At that time, glaciation cycles went from lasting 41,000 years to 100,000 years, and ice sheets became larger.

Clark explained that all previous theories focused on the progressive growth of ice sheets through that transition, and that each sea level reconstruction followed the same narrative.

The study reconstructs how the seas rose and fell by tens of metres depending on the size and extent of the planetary ice sheets.

The new study reconstructed sea level changes over the last 4.5 million years.

It found that many of the early glacial cycles, when periods were 41,000 years long, featured fluctuations as large as those in more recent cycles.

Clark noted that the presence of large ice sheets throughout that time suggests that their formation and disappearance depended more on internal feedbacks within the climate system than on external factors.

‘This finding challenges conventional wisdom about the Middle Pleistocene transition and forces us to look for new explanations,’ says the paleoclimatologist.

Scientists Discover That Sea Levels Were Much Higher Millions Of Years Ago

Sediments on the ocean floor preserve traces of ancient climates and glaciations.
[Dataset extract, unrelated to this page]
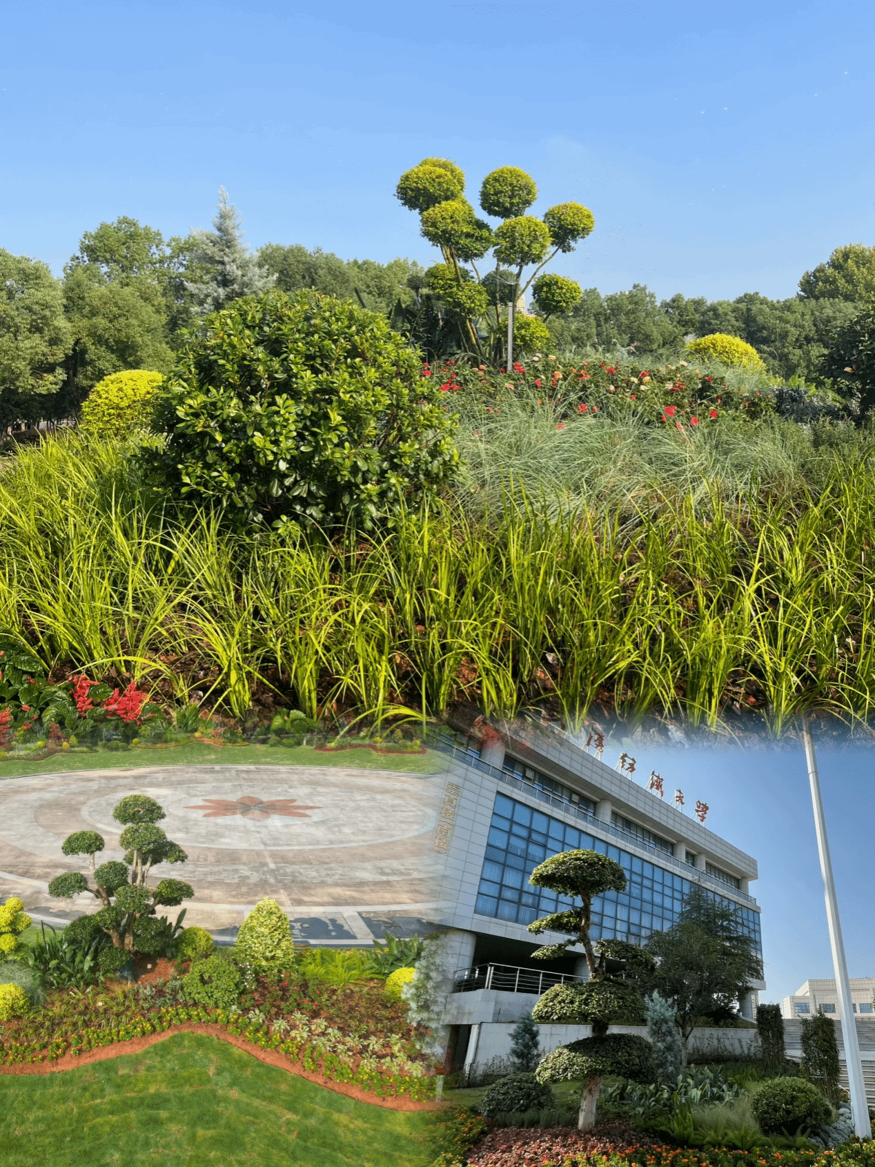 图书馆广场花境、东大门林下花带、主题景观节点等,打破了传统的绿化模式,借鉴自然生态理念进行艺术营造。层次丰富的乔灌木与缤纷的宿根花卉相映成趣,季相变化分明,色彩和谐灵动。既展现了植物的自然之美,也体现了设计者的巧思妙想,让校园的每一个角落都成为可驻足、可品味的风景。

The implications of the new work published in Science go beyond geological history. Clark noted that understanding how ice sheets and climate interacted in the past helps us anticipate current and future risks.

Today, the Earth has two large ice sheets, in Antarctica and Greenland, whose stability is key to sea level and global climate.

The study involved collaboration between experts from the United States, Germany, the United Kingdom and China.

Co-authors include Steven Hostetler and Nicklas Pisias from Oregon State University, Jeremy Shakun from Boston College, Yair Rosenthal from Rutgers University, and David Pollard from Pennsylvania State University.

The past of the oceans warns of future sea level rises in the face of global warming.

Other contributors include Peter Kohler of the Alfred Wegener Institute in Germany, Patrick J. Bartlein of the University of Oregon, Jonathan M. Gregory of the University of Reading in the United Kingdom, Chenyu Zhu of the Chinese Academy of Sciences, Daniel P. Schrag of Harvard University, and Zhengyu Liu of Ohio State University in the United States.

Detailed knowledge of the past provides a better understanding of the complex relationships between ice sheets and climate, and offers valuable insight into the possible scenarios that humanity could face in the coming centuries.